J.R. Licklider--better known in Prelinger's part of California for launching and directing Xerox's Palo Alto Research Center (PARC)--advocated human-computer symbiosis. Power plant schematics were fit into a head, as earlier were record changers, a TV chassis and a CRT in advertisements or service manual cover illustrations. There was an apocryphal Silicon Valley story that Steve Jobs at first wanted the Macintosh to be in the shape of a human head but was talked out of it. Marvin Minsky advocated computers' direct-to-brain input for productivity tasks at an IBM Almaden Research Center user interface symposium in 1998.
If there's one misgiving I have about Megan Prelinger's Inside the Machine, it's only a venal, personal one.
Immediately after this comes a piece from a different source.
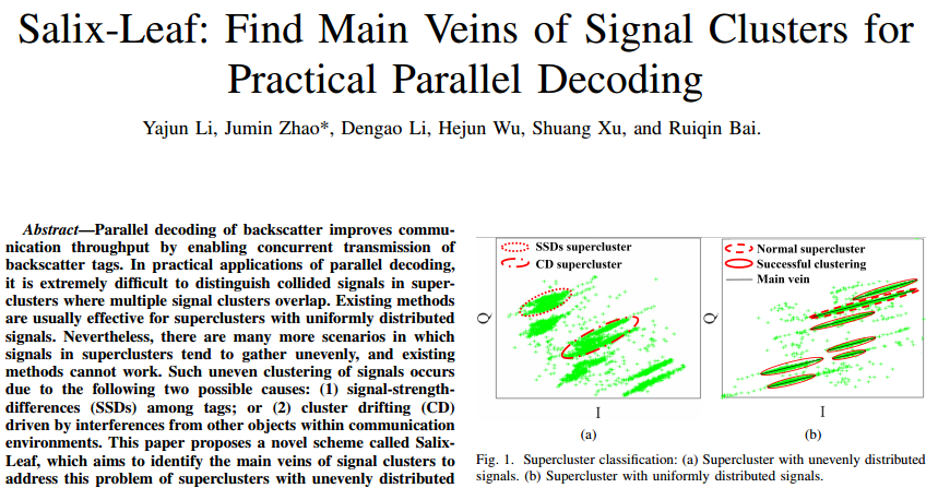 近日,bg大游官方网站赵菊敏教授团队在解决并行解码中的信号超级簇问题方面取得突破,显著提升了系统通信效率。相关成果发表于《IEEE Transactions on Mobile Computing》(简称IEEE TMC)期刊,题目为“Salix-Leaf: Find Main Veins of Signal Clusters for Practical Parallel Decoding”。该论文的第一署名单位为bg大游,公司博士研究生李亚君为论文第一作者,赵菊敏教授为论文通讯作者。IEEE TMC是中国计算机学会(CCF)推荐的A类顶级国际期刊、中科院1区TOP期刊,在计算机网络、移动计算领域享有极高的学术声誉。该论文也是公司以第一署名单位在IEEE TMC发表的首篇论文。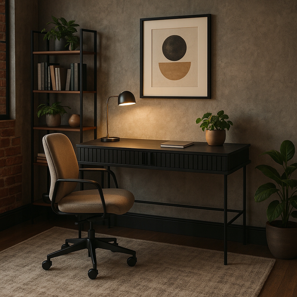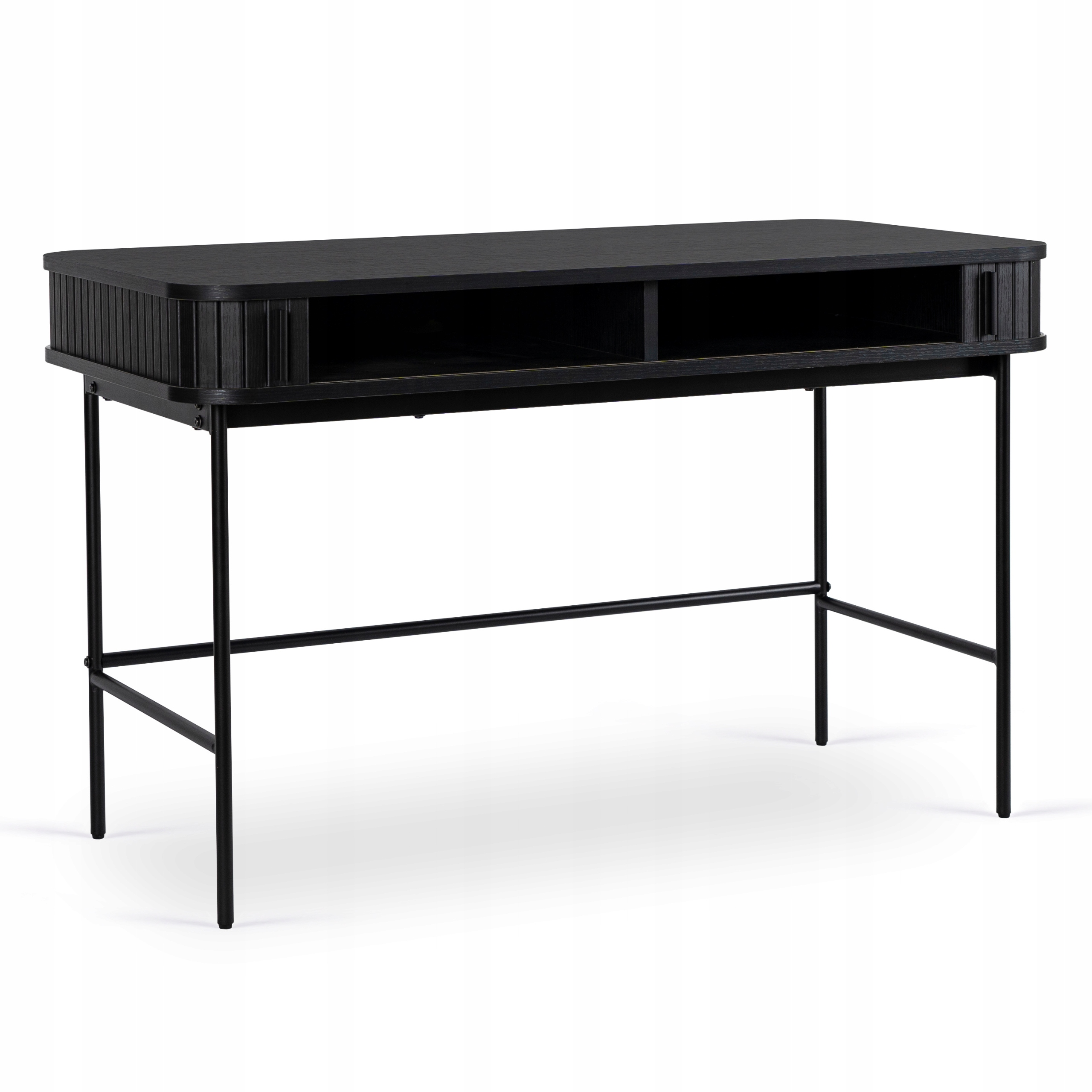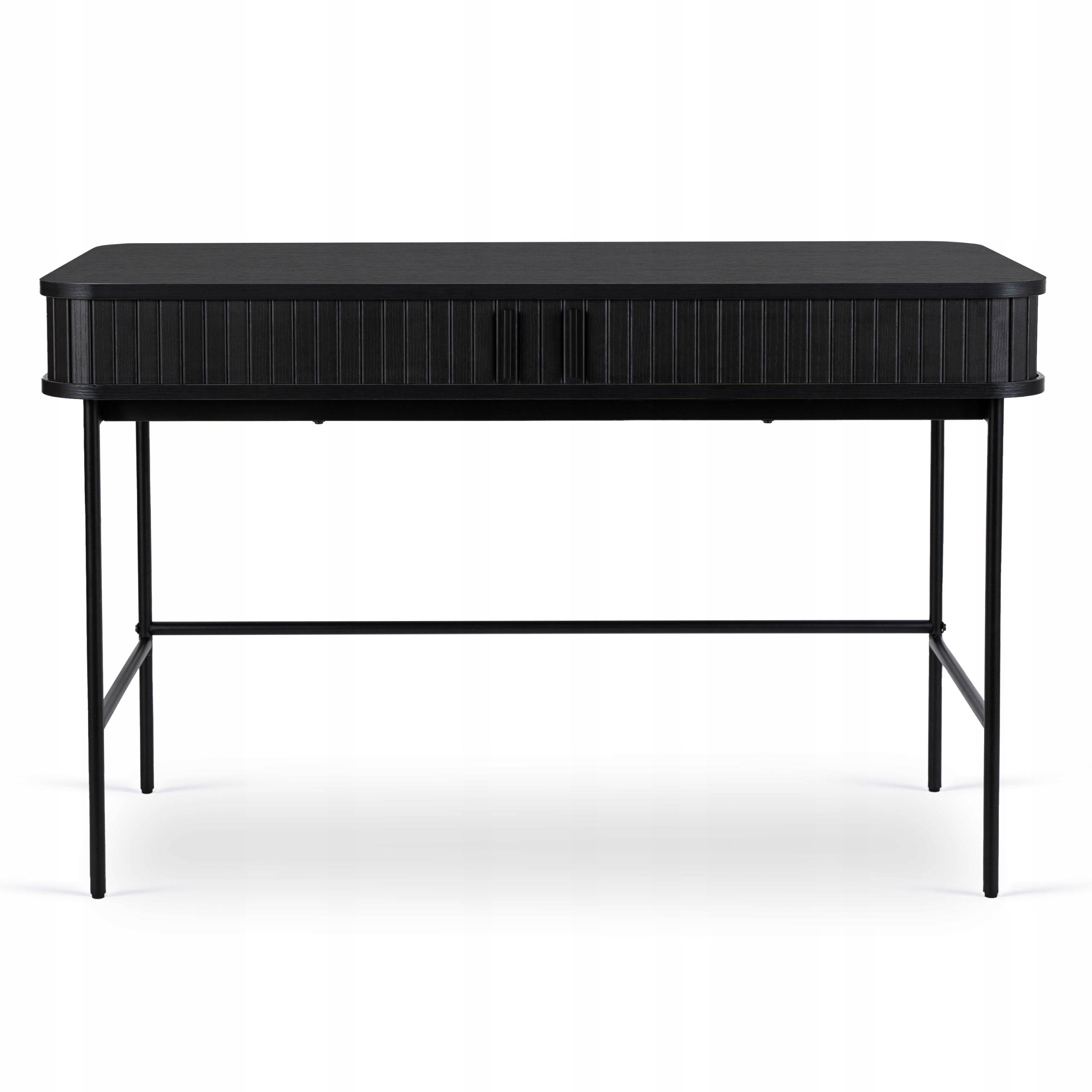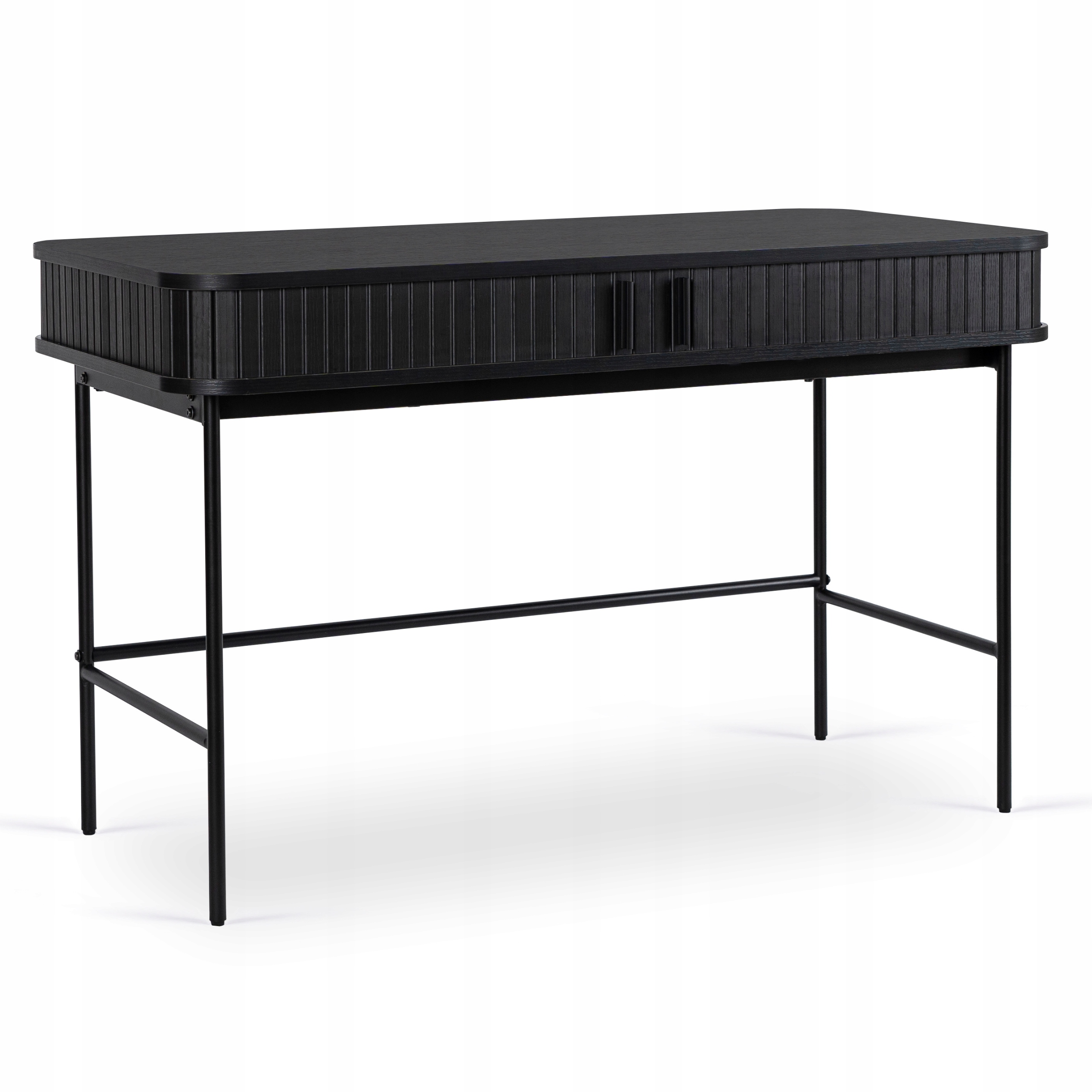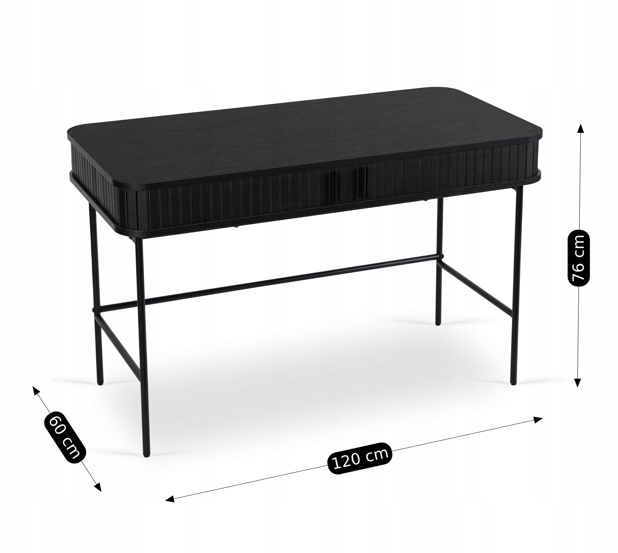 Biurko o wymiarach 120 x 60 x 76 cm to nowoczesny i praktyczny mebel idealny do gabinetu, biura, pokoju lub recepcji. Jego design podkreślają stylowe lamele, a loftowego charakteru nadają metalowe czarne nogi i uchwyty.

With a carton of pages in the attic saved from musty, falling-apart 1950s, 1960s and 1970s publications in my late father's Michigan basement, I too had contemplated a book of "engineer-style" graphics and imagery from this distinctive realm. I've been scooped! Sigh. Prelinger's imagery is more colorful though, and her perspective more expansive in using these images to illustrate well-researched technology history. I'll take my consolation in the pleasure of periodically rereading her fine, informative and elegant book.